Plus several old bags of both genders who scowl and grumble.
Country people are naturally paranoid and suspicious, and tend to be cold and offish toward outsiders such as myself. As, with skin that glows in the dark and horns growing out of my head (meaning that I'm Caucasian), I naturally am.
For all they know I work for the salt gabelle (鹽稅 'yim seui') and the tax office, and will demand that they fill out forms in a language they don't understand.
Or, even worse, start dancing while strewing mininimity.
Yeah, I know. It's their own private world.
And in a way I represent invasion.
The other side of the wall.
The stench of other.
Bumpkin rebels. I am fully aware that it took tyrants to keep their country together.

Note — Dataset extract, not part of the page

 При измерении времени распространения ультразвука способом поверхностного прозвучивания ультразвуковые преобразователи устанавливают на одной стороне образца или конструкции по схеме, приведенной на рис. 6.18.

If it had been left to the salt of the earth, they would have fallen apart into several warring states.
Which, several times, they did.
As a whitey-white individual (鬼佬) semiliterate in Chinese and speaking Cantonese I am an anomaly, but despite the love of the odd and unusual which many Chinese have, that bunch of snooty country folk want more than that. And I'm just not entertaining or engaging.

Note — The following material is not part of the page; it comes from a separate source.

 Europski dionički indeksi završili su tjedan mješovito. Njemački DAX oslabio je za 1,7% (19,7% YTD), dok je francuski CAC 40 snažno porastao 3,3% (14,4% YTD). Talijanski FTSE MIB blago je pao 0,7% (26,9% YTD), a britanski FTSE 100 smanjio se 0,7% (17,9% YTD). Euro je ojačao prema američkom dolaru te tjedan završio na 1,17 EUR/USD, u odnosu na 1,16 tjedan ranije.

It is significant that only in their ancestral district, (四邑 'sei yap', "four counties"), gun towers and heavily fortified farms (碉樓 'diu lau', "rock-hewn tower"; 砲樓 'paau lau', "cannon tower") were widespread, to ward off bandits and the outside world. Extreme local poverty alleviated by funds from overseas made them more paranoid of everything. So, massive multi-storey buildings with metres-thick walls, iron doors, and turrets. Basically, bunkers.

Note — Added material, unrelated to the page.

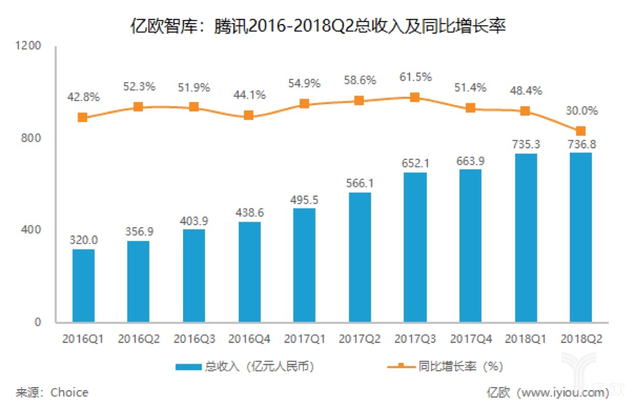 8月15日,腾讯公布的中期业绩低于预期:Q2营收736.75亿元,同比增长30%。净利润178.67亿元,同比下降2%。
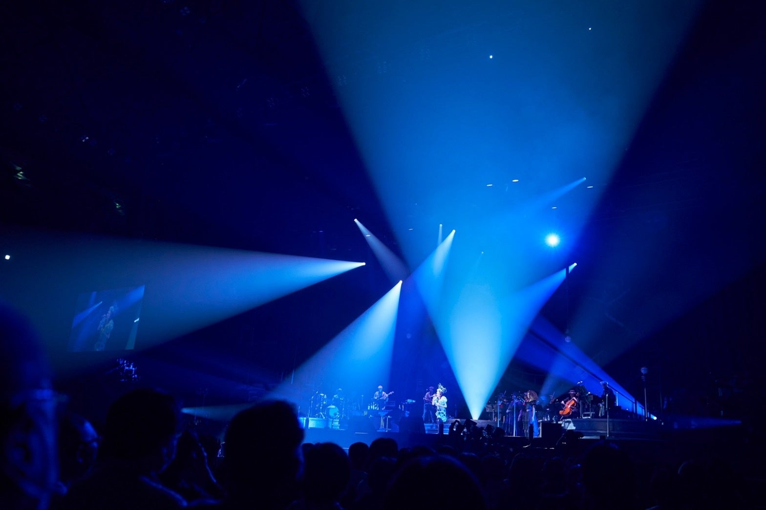 そんな寂しさとともに歌い始めた「Hello, my friend」。その1コーラス目を歌い終えたときだった…。黒のTシャツとタイトな黒いパンツという、ごくシンプルな装いだったが、周囲の空気の色ががらりと変わるようなオーラを放って、松任谷由実が、ステージに姿を現わしたのだ。オーディエンスの熱狂とともに迎え入れられたユーミンは、JUJUと顔を見合わせながら親密に歌声を重ねていった。

Common in rural Kaiping (開平 'hoi ping').
[Paraoia: 偏執狂 ('pin jaap kwong'); 妄想症 ('mong seung jing'); 仇外心 ('chaau ngoi sam').]
I have learned not to go there when it's busy during lunch time. Unfortunately the "Resist Foreign Imperialism & Pipe-smoking Dutchmen Revolutionary Association" (反外國帝國主義和抽煙斗的荷蘭人革命協會 'faan ngoi kwok tai kwok jyu yi wo chaau yin tau dik ho lan yan gaak ming hip wui') now gathers there most days, having bailed out from another place to which I go. Good, because there are now only two dingos who frequent that place, and usually I don't encounter them there anymore. But it is closed on Thursdays.
The number of bakery coffeeshops in Chinatown has decreased.
And I've already been to the other establishment run by the same fine people this week.
So where do I go today for tea-time?
係一個好嚴重嘅問題。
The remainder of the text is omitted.